Надя и Люба стояли потрясенные. Они стали наперебой благодарить Курта, но он сказал:

— Я думаю, нам всем повезло, поэтому не будем благодарить, а будем работать.

Однако один вопрос, который волновал Надю, она не решалась задать: как ей быть с Вальтером? За то короткое время, пока они разговаривали с хозяином, он успел перевернуть весь ресторан. Стащил скатерть со стола так, что вся посуда бывшая на столе, оказалась на полу разбитой, гонял по ресторану, как метеор, и никто не мог его поймать. Курт сначала деликатно, а потом строго прикрикнул на него, но и это не помогло. Тогда Надя изловчилась и поймала его. Он стал кричать и бить ее ногами. Положение становилось щекотливым, и, не зная, как оправдаться, она смущенно сказала:

— Я не знаю, в кого он такой? Наверное, вы мне откажете в работе, ведь за ним нужен глаз.

— Нет, не волнуйтесь. Здесь в городе есть частный детский сад. Мы его туда пристроим. Там дают детям строгое немецкое воспитание. Он будет там круглосуточно, и это даст вам возможность работать.

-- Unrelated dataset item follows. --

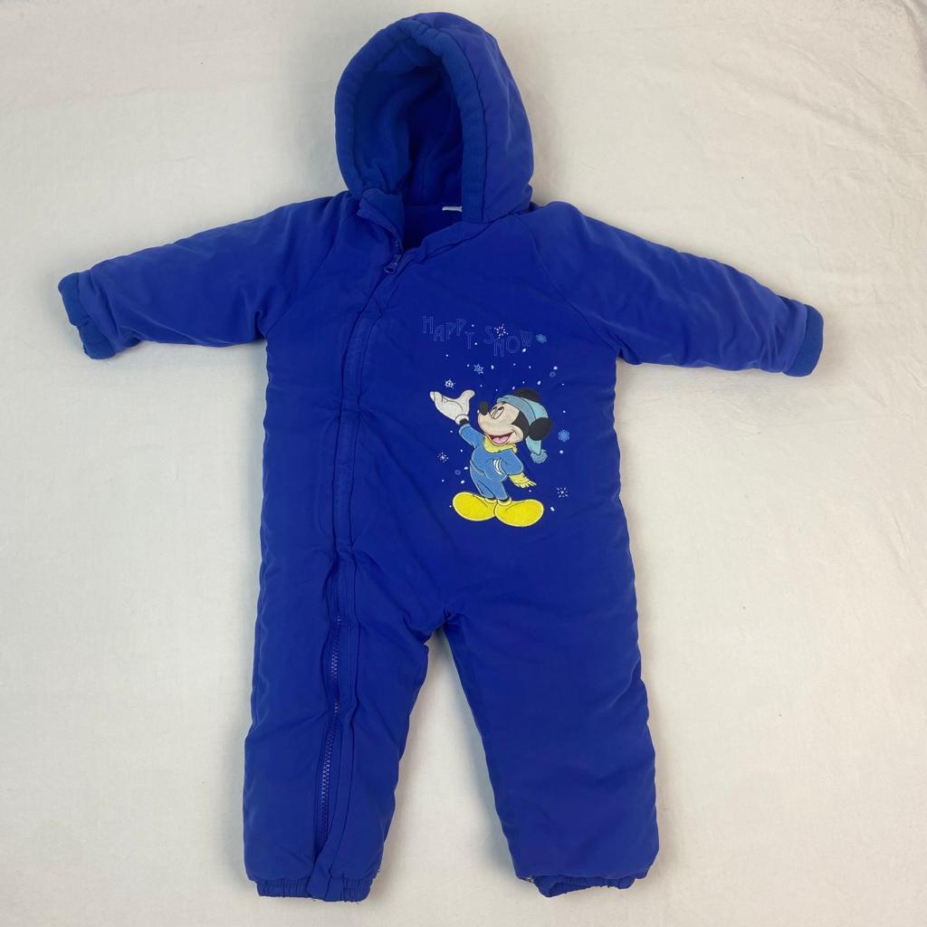 Autres commentaires : 8% Polyamide, Combi-pilote bleu indigo sans moufles, doublure intérieure et capuche en polaire bleue, motif Mickey sous la neige avec inscription « HAPPY SNOW », fermeture par zip devant en latéral, pieds manquants (attaches par boutons pression disponibles) donc déclassé de Kiwi à Fraise.

— А чем же я буду платить? Ведь у меня нет денег, —засомневалась Надя.

— Не беспокойтесь. Сейчас вдовам, у которых мужья-немцы погибли на войне, делают скидку, так что это будет стоить совсем гроши, я сам за это уплачу.

Вернувшись в лагерь и, прихватив свои жалкие пожитки, девушки переселились в свою новую обитель на втором этаже ресторана. Это была одна маленькая комнатка без кухни, с окном, выходящим на задний двор, где стояли баки с помоями. Но по сравнению с тем, где им за годы скитаний пришлось пожить, это был почти рай. В комнате была одна кровать, а в углу стояла сложенная раскладушка.

Курт, их новый хозяин, сразу приступил к делу. Он достал из шкафа скрипку и протянул ее Наде.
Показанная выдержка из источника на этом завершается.